2019). Since the stratification of sediments affects the spatial distribution of hydraulic properties (Koltermann and Gorelick
1996; Heinz and Aigner
2003; Heinz et al.
2003), a major concern when conceptualizing the conductivity distribution in a groundwater model of a fluvial aquifer is to identify and characterize an appropriate number of layers with different properties. The differences between individual strata also cause the formation-averaged hydraulic conductivity tensor
K to be anisotropic because groundwater preferably flows in the direction of the layers rather than perpendicular to it (Bear
1972; Borghi et al.
2015). This implies that the principal directions of the effective hydraulic conductivity tensor
Keff are typically the horizontal and vertical directions which are aligned with the strata. In this study, the ratio of horizontal to vertical conductivity, when averaging over the horizontal layers, is denoted the anisotropy ratio
ϑ. The hydraulic anisotropy is of importance whenever the vertical flow component is significant, for instance in flow close to partially penetrating wells, horizontal collector wells, or around objects that partially penetrate aquifers, or when considering river–groundwater exchange. While regional flow is predominantly horizontal, these specific boundary conditions induce a vertical-flow component that can be crucial in the overall design of groundwater management measures.

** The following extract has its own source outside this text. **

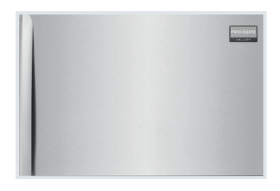
Smudge-Proof<sup>™</sup> Stainless Steel<sup>2</sup> Resists fingerprints and smudges so it's easy to clean.

The Custom-Flex™ Door comes with 4 different bins and accessories so you can customize your door. It includes one large, two medium, and one small bin.

Many hydrogeological applications such as the design of remediation systems, depend not only on precise information on subsurface heterogeneity (e.g. Cardiff and Barrash
2011; Zschornack et al.
2013), but also require information on hydraulic anisotropy (e.g. Bair and Lahm
1996; Zlotnik and Ledder
1996). A specific example in which hydraulic anisotropy is relevant is the delineation of capture zones of partially penetrating wells (Bair and Lahm
1996). Several experimental methods have been developed for resolving the spatial variability of hydraulic conductivity at different scales and degrees of resolution. Hydraulic tomography, for example, is a common method that helps to obtain larger-scale (>10 m) three-dimensional (3D) information on hydraulic-conductivity variations (Gottlieb and Dietrich
1995; Yeh and Liu
2000; Bohling
2009; Hochstetler et al.
2016; Sanchez-Leon et al.
2016). Direct-push methods such as direct-push injection logging (Bohling et al.
2002; Butler et al.
2007; Dietrich et al.
2008; Lessoff et al.
2010) or the direct-push permeameter (Butler et al.
2007; Chen et al.
2008,
2010; Klammler et al.
2011; Zschornack et al.
2013) resolve apparent horizontal hydraulic conductivity with depth and are thus well suited to investigate local hydraulic-conductivity variations in the vertical direction at high resolution.
To resolve the ratio of horizontal to vertical hydraulic conductivity, different field methods have been investigated. Klammler et al. (
2017) proposed a shape factor to estimate the bulk hydraulic anisotropy from measurements obtained with the direct-push permeameter but without considering the vertical variability of hydraulic conductivity. The tomographic slug test proposed and tested by Paradis et al. (
2015,
2016) in a littoral aquifer seems to be more appropriate for resolving hydraulic anisotropy induced by heterogeneities at smaller scales, also in the horizontal direction, e.g., from cross-bedding. A specific limitation of the tomographic slug test, however, is the very small range of investigation in the horizontal direction (typically <10 m), especially in highly permeable aquifers (Paradis et al.
2015). Even though different studies have dealt with the investigation of anisotropic conductivity, a suitable field method for estimating the ratio of horizontal to vertical hydraulic conductivity on larger scales in fluvial gravel aquifers has not yet been tested. The aim of this study is to examine the viability and benefits of a method for resolving hydraulic anisotropy on larger scales induced by the vertical heterogeneity on smaller scales.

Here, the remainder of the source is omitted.